A worthy contribution Rory, thank you. Amidst the options being implemented like ADELE, modularisation, blended and distance learning, one potential option appears to be missing: use of SERVOP C. There exists benefits for individual reservists and for Army more widely in using SERVOP C for upskilling. Army is already employing this model for Gap Year and FARO Officer Cadets. SERVOP C mightn't be of benefit for all, particularly those who are in the formative years of the professions. But for new graduates, or qualified tradies, or those of use who are mid-career, SERVOP C could provide a 12 or 24 month window of continued salary plus unlimited opportunities to attend courses and exercises.

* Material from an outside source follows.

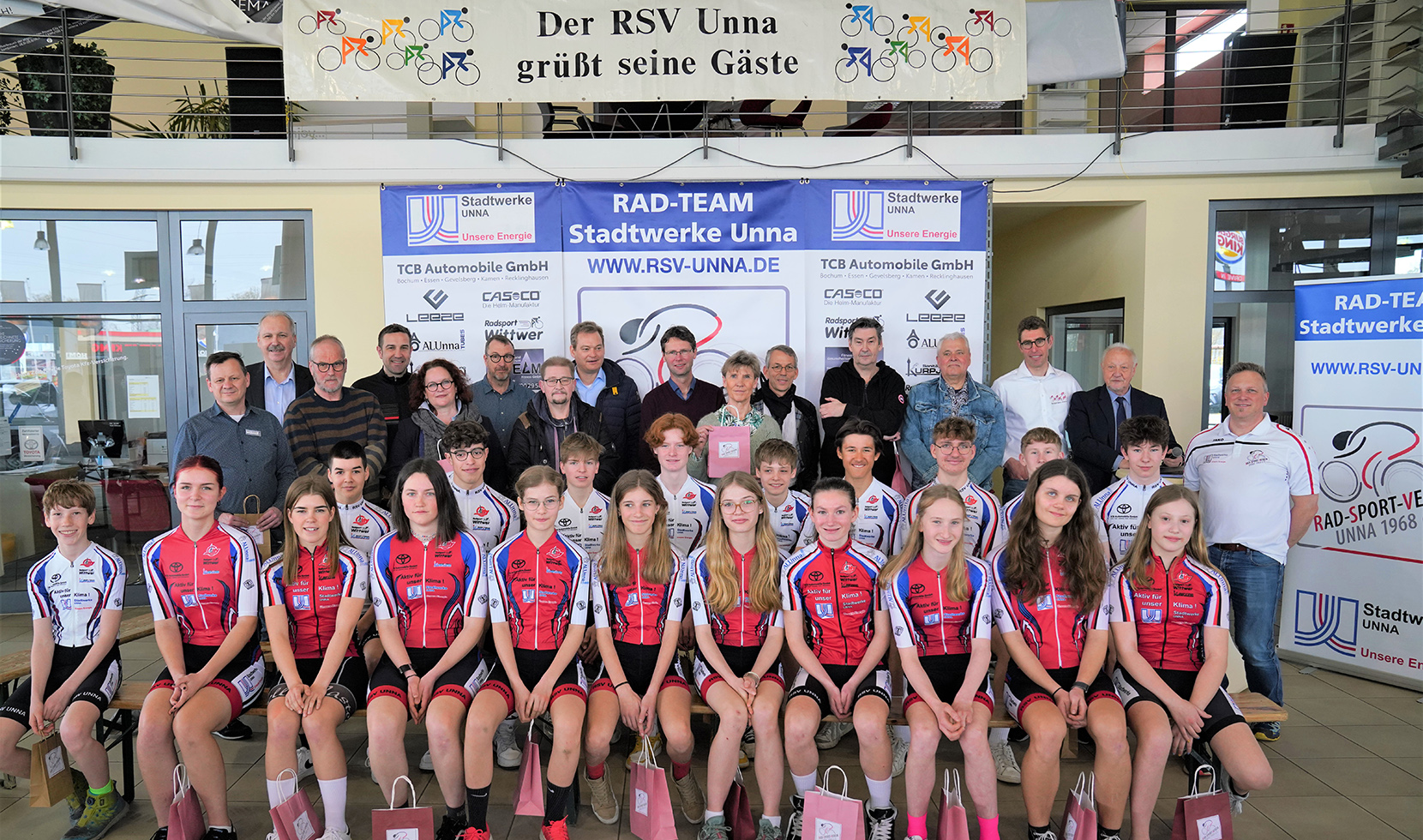 Zum Beginn der Rennsaison präsentierte der RSV Unna sein Sportteam 2023 der Öffentlichkeit. Die große Ausstellungshalle von Toyota TCB in Kamen bot gute Voraussetzungen für die Vorstellung der Sportler und Trainer. Landrat Martin Wiggermann und Unnas Bürgermeisterin Simone Hackenberg stellten in ihrer Grußworten die dynamische Entwicklung der Nachwuchsabteilung des RSV in den Vordergrund. Ilka Essers überbrachte Grüße des Sportausschusses der Stadt, Andreas Voß berichtete über die gute Verbindung zum Kreissportbund und der Stadtsportverbandsvorsitzende Volker König betonte die enge Zusammenarbeit mit dem RSV Vorstand in seinem Grußwort. Der RSV Vorsitzende Hans Kuhn begrüßte danach Stadtwerkechef Jürgen Schäpermeier , Wolfgang Brettschneider vom Alu Werk Unna, Hendrik Schulze-Hesselmann, Michael Schröder und Oliver Kurbjuhn als anwesende Förderer des Vereins, ohne die die kostenträchtige Sportart für manche Eltern und ihre Kinder unerschwinglich wäre. Sparkassen Vorstand Frank Röhr übergab passend an die Geschäftsführerin des RSV, Maria Böhm, zur Unterstützung der Jugendarbeit unter großem Beifall der Sportler einen hochdotierten Scheck, bevor TCB Abteilungsleiter Peter Müller den Gästen die Vorteile des Toyota Hybrid-Renndienstwagens in der Trainingsbegleitung erklärte. Der RSV Vorsitzende bedankte sich danach beim Radtourenteam des RSV unter Leitung von Carsten Bültmann und Anja Holstiege, das im letzten Jahr eine große Radtourenveranstaltung und Anfang dieses Jahres eine CTF, eine Country-Touren-Fahrt, erfolgreich organisiert hat. Beginnend mit den Jüngsten kamen dann die Rennsportler/innen einzeln die „Showtreppe“ herunter. Hans Kuhn nannte ihre Erfolge und die Ehrengäste übergaben eine Tüte an jeden Sportler, die mit Süßigkeiten und einem Mehrzweckhalstuch mit Vereinsaufdruck gefüllt war. Besonders hervorgehoben wurden die Landesmeistertitel in verschiedenen Disziplinen von Josefine Wendel, der Deutsche Vizemeister von Lasse Schenkmann und natürlich der Deutsche Meistertitel von Jonathan Müller.

The individual gets the benefit of professional military training and development opportunities, without risking their paid employment; Army gets a better trained and more professional member in return. Army also has a member employed full time to remediate hollowness and fill TSR, for example. SERVOP C for training alone won't solve all the quandaries we face in training the part time workforce. The emerging toolbox of different training models and systems all provide opportunities. But SERVOP C does provide not just training for reservists, but also provides a pool of members who can be trained, exercised, employed and deployed without the complications of needing to maintain viable civilian employment. Again Rory, thanks for your article.